== EXERCISE GOAL ==
Once the line containing "Die Büroeinheit befindet" is found in the entries below, restate it and each following line word for word, stopping after the line containing "比亚迪海洋网推出的护卫舰07".

== RECORDS ==
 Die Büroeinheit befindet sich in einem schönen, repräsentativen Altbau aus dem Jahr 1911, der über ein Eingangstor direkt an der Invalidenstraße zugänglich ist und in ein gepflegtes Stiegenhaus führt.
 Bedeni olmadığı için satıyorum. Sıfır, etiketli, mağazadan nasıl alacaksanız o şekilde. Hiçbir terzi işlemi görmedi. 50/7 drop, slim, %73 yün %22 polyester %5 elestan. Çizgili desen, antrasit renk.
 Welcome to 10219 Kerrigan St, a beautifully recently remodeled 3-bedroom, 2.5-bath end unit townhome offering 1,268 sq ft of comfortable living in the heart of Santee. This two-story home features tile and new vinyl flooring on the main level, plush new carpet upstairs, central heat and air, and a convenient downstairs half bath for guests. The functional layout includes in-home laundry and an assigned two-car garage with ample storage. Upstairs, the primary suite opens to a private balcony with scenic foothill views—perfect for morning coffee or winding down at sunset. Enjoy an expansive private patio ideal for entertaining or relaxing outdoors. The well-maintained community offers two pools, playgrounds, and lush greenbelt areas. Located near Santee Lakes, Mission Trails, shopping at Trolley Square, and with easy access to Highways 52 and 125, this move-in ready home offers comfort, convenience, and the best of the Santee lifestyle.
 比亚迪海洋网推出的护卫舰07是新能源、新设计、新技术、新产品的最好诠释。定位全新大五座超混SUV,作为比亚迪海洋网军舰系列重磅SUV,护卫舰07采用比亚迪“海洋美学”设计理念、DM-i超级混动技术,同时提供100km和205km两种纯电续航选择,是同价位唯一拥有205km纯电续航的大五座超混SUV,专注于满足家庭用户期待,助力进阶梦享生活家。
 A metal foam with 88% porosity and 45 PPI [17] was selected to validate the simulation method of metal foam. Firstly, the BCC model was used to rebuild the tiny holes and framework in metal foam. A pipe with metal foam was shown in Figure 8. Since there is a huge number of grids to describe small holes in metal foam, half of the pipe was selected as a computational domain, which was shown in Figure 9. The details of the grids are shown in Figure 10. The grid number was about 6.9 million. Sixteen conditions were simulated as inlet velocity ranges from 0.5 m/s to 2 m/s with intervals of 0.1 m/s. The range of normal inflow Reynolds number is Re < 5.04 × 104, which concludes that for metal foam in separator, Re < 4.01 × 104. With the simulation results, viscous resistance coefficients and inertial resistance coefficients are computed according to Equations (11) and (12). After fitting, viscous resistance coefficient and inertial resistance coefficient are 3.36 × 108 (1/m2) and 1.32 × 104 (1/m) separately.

...

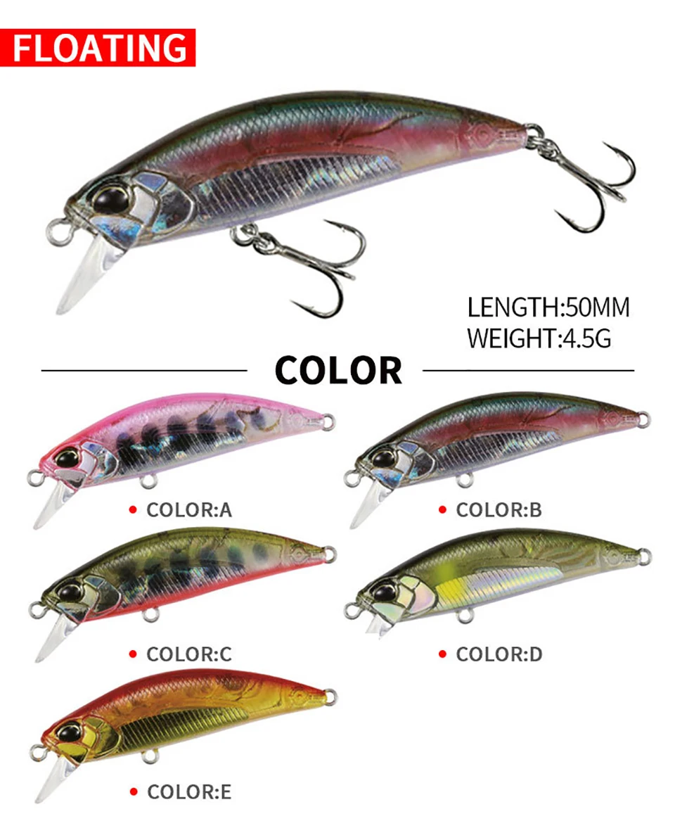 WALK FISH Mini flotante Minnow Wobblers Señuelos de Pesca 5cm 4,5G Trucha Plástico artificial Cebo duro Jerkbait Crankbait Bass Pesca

== ANSWER TO THE EXERCISE ==
 Die Büroeinheit befindet sich in einem schönen, repräsentativen Altbau aus dem Jahr 1911, der über ein Eingangstor direkt an der Invalidenstraße zugänglich ist und in ein gepflegtes Stiegenhaus führt.
 Bedeni olmadığı için satıyorum. Sıfır, etiketli, mağazadan nasıl alacaksanız o şekilde. Hiçbir terzi işlemi görmedi. 50/7 drop, slim, %73 yün %22 polyester %5 elestan. Çizgili desen, antrasit renk.
 Welcome to 10219 Kerrigan St, a beautifully recently remodeled 3-bedroom, 2.5-bath end unit townhome offering 1,268 sq ft of comfortable living in the heart of Santee. This two-story home features tile and new vinyl flooring on the main level, plush new carpet upstairs, central heat and air, and a convenient downstairs half bath for guests. The functional layout includes in-home laundry and an assigned two-car garage with ample storage. Upstairs, the primary suite opens to a private balcony with scenic foothill views—perfect for morning coffee or winding down at sunset. Enjoy an expansive private patio ideal for entertaining or relaxing outdoors. The well-maintained community offers two pools, playgrounds, and lush greenbelt areas. Located near Santee Lakes, Mission Trails, shopping at Trolley Square, and with easy access to Highways 52 and 125, this move-in ready home offers comfort, convenience, and the best of the Santee lifestyle.
 比亚迪海洋网推出的护卫舰07是新能源、新设计、新技术、新产品的最好诠释。定位全新大五座超混SUV,作为比亚迪海洋网军舰系列重磅SUV,护卫舰07采用比亚迪“海洋美学”设计理念、DM-i超级混动技术,同时提供100km和205km两种纯电续航选择,是同价位唯一拥有205km纯电续航的大五座超混SUV,专注于满足家庭用户期待,助力进阶梦享生活家。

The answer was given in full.